An energy storage power station that uses batteries to store electrical energy is known as a Battery Financing power station. Battery Financing is the fastest dispatchable source of power on grids, and it’s used to stabilise grids, since battery storage can transition from standby to full power within milliseconds in case of grid failure. The battery storage power stations are generally designed to run for up to a few hours at full capacity. Storage of batteries can be used to minimize the possibility of power outages by supplying operating reserve and frequency control. They are frequently located near or next to active or disused power plants and may be connected to the same grid in order to reduce costs. Since battery storage plants don’t require fuel deliveries, are compact compared to generators, and don’t have chimneys or large cooling systems, they can be quickly installed and placed within urban areas close to consumers.

Construction

In terms of technology and function, battery finance power plants and UPSs are comparable. Batteries storage power plants are larger, however. Batteries are housed in their own structures for safety and security, like warehouses or containers. As with a UPS, electrochemical energy is stored or emitted in the form of direct current (DC), whereas electric grids are typically operated with alternating current (AC). In order to connect battery storage power plants to the high voltage network, additional inverters are necessary. Among the types of power electronics used in high-voltage direct current transmission (HVDC) are GTO thyristors. There are various types of accumulator systems depending on the power-to-energy ratio, the expected lifetime, and the cost. The first battery-storage power plants were built with lead-acid batteries in the 1980s. Nickel–cadmium and sodium–sulfur batteries were increasingly used in the following decades[7].

Complex Revenue Streams

The revenue streams for battery financing projects are more complex than traditional energy generation projects. They may include payments for availability, services, capacity, and performance, as well as more usual payments for power (including arbitrage) and avoided costs. The typical revenue stack for a grid scale battery ‘in front of the meter’ involves some combination of frequency response, capacity market payments, triad revenue, and to a lesser extent, power payments. These three revenue streams present challenges for project financing. Dynamic frequency response is usually the most valuable service, but contracts with National Grid have a maximum duration of four years (for Enhanced Frequency Response) or 24 months (for Firm Frequency Response).

The Role Of Aggregators

Interposing an aggregator into the company’s structure, which might not have a significant balance sheet, is the key challenge for project finance. It is important to carefully consider the insolvency risk, the aggregator’s technology and IP, and even its customer base (in cases where Battery Financing  is aggregated with third party assets). Any agreement with an aggregator that controls the dispatch of a battery and installs equipment is subject to interface risk, and any contract with an aggregator must complement the construction and operation contracts, as well as any warranty provided by the battery manufacturer.

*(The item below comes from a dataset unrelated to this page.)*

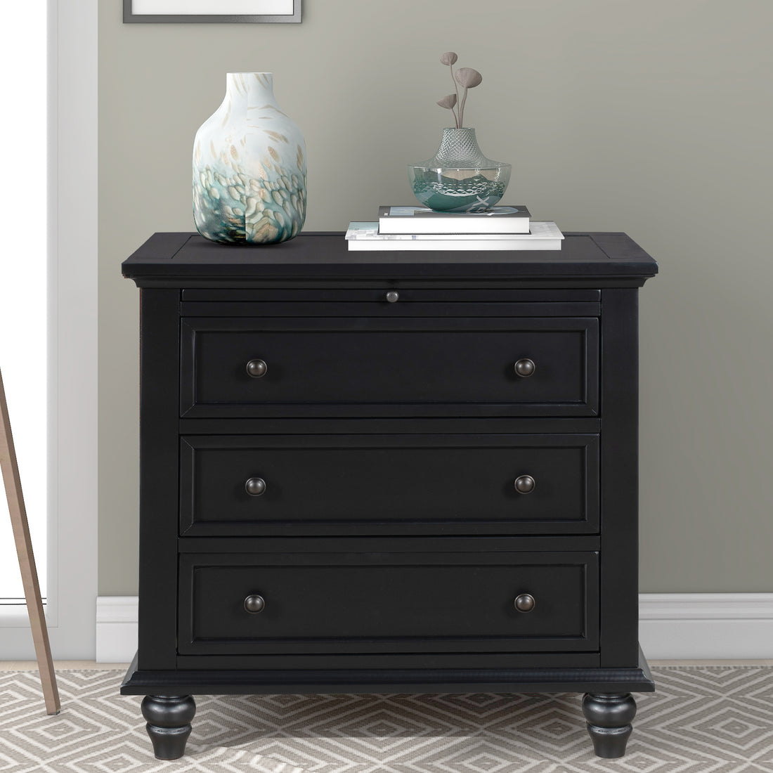3 Drawer Storage Wood Cabinet, End Table With Pull Out Tray As Same As Wf296671Aab Black Pine

Co-Location Of Battery Storage

If a Battery Financing system is to be co-located on an existing renewables site, it is necessary to evaluate and consider how the proposed battery storage system interacts with the existing land rights, grid connection, subsidy and offtake arrangements. Where existing project financing is in place for the renewables site, these arrangements need to be assessed to ensure they are compatible with those existing arrangements. In particular, Ofgem will still temporarily suspend subsidies for battery storage systems while it evaluates the new metering solution (which it does currently on a case by case basis). It is encouraging news that Ofgem recently announced that it has re-accredited a solar farm co-located with a battery under the Renewables Obligation. As a result, suspension periods should be significantly shorter, but the potential for cash-flow and covenant problems under existing project battery financing remains.